[GraphBolt] TorchData Pytorch support
mfbalin opened this issue · comments
🔨Work Item
IMPORTANT:
- This template is only for dev team to track project progress. For feature request or bug report, please use the corresponding issue templates.
- DO NOT create a new work item if the purpose is to fix an existing issue or feature request. We will directly use the issue in the project tracker.
Project tracker: https://github.com/orgs/dmlc/projects/2
Description
pytorch/pytorch#124907 (comment)
Here, torch developers say that future versions of pytorch may not support torchdata properly. It might become a problem to support later PyTorch versions.
Previously we're trying to deprecate torchdata
with torch.utils.data
for datapipe-related operations as active development and release of torchdata
have been paused(mentioned here).
So for now, both pytorch and torchdata team are deprecating torchdata?
I don't know the exact details. We need to look into it as it is a crucial dependency.
https://discuss.dgl.ai/t/importerror-cannot-import-name-dill-available-from-torch-utils-data-datapipes-utils-common/4363/2 might be a related problem, I saw a PR in torch repo that fix this issue.

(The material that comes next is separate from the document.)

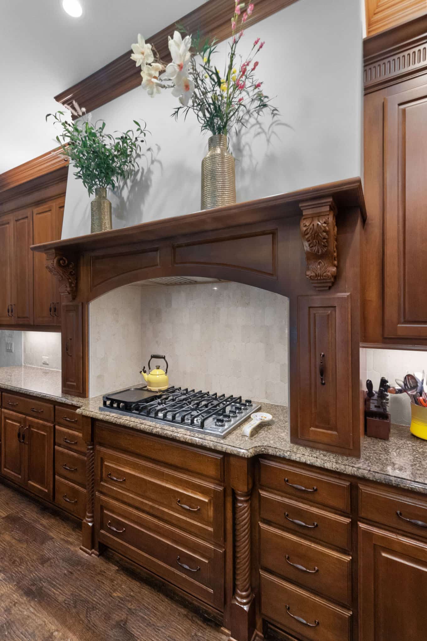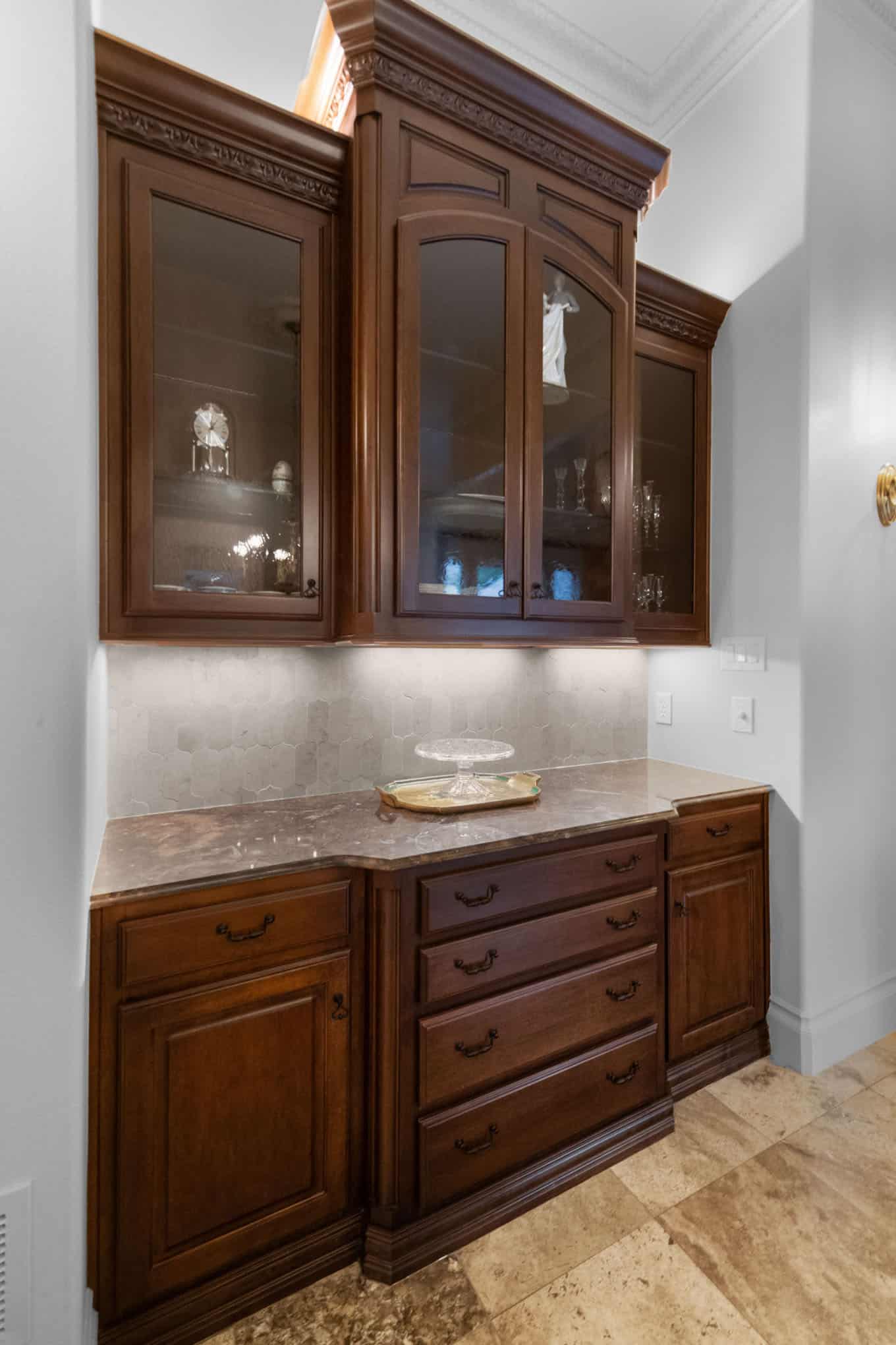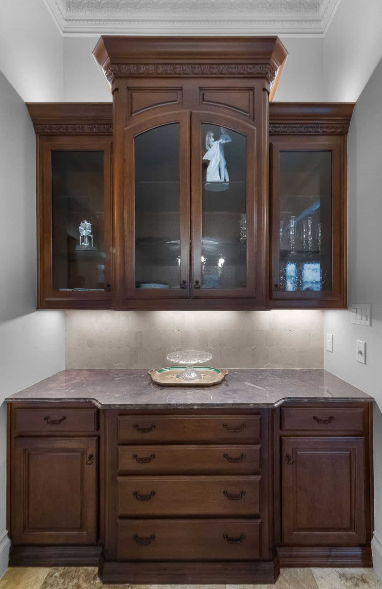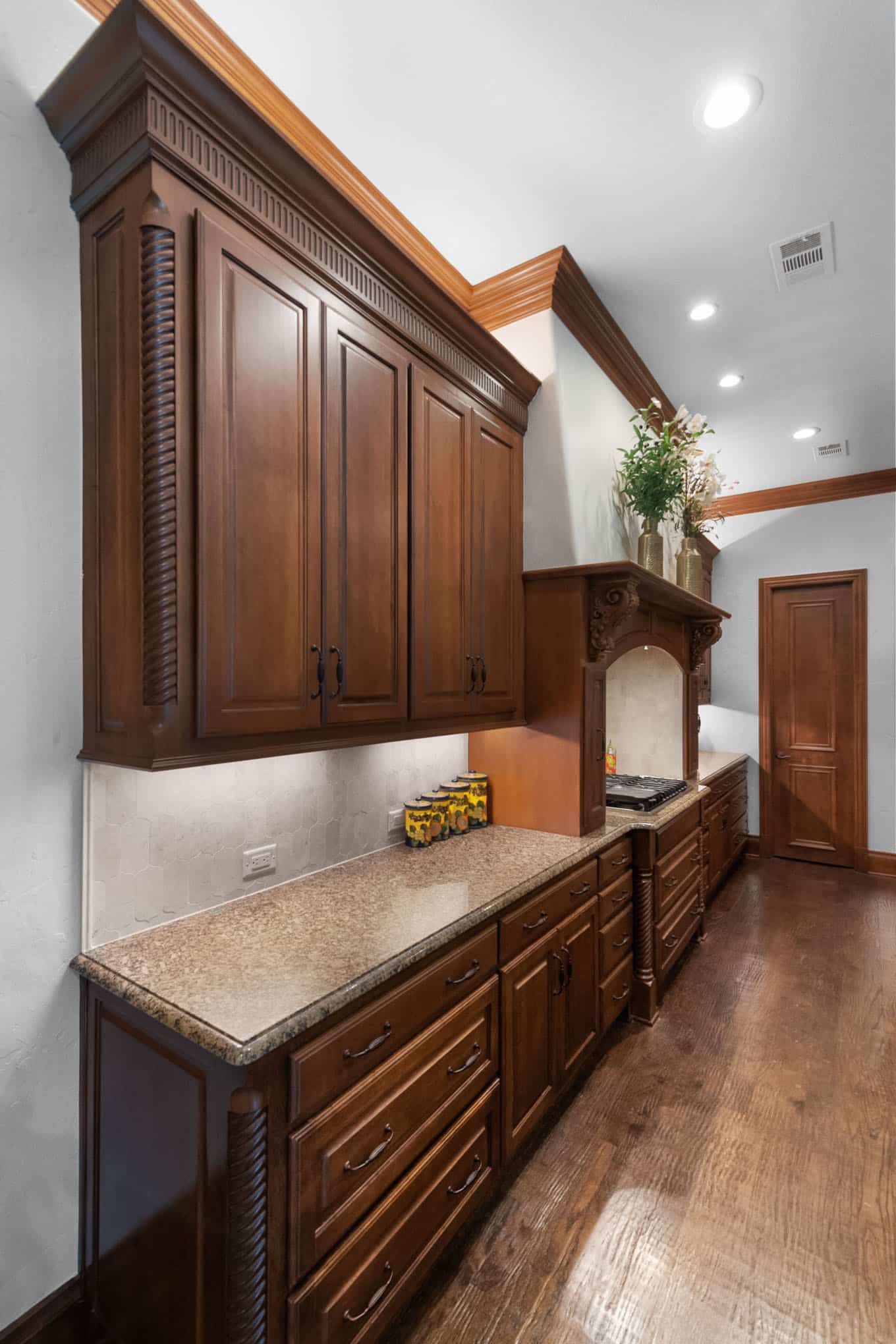 This refined Frisco renovation showcases our commitment to timeless craftsmanship and attention to detail. The gourmet kitchen features rich cherry cabinetry with intricate crown molding and decorative corbels, complemented by stunning granite countertops and a custom range hood with ornate woodwork. We designed multiple wet bar areas with illuminated glass-front display cabinets perfect for showcasing fine glassware and spirits, enhanced by subtle under-cabinet lighting and hexagonal stone backsplash.

The way we implement DataLoader (https://github.com/dmlc/dgl/blob/658b2086b09bbd76c3d3f488af2b155a1c921052/python/dgl/graphbolt/dataloader.py#L79C7-L79C17) right now isn't perfect. It makes a lot of assumption that might cause problems later. Once those problems hit, we should redesign it. We held off because the torch.data already does a good job, but if we have to, we'll tackle it then.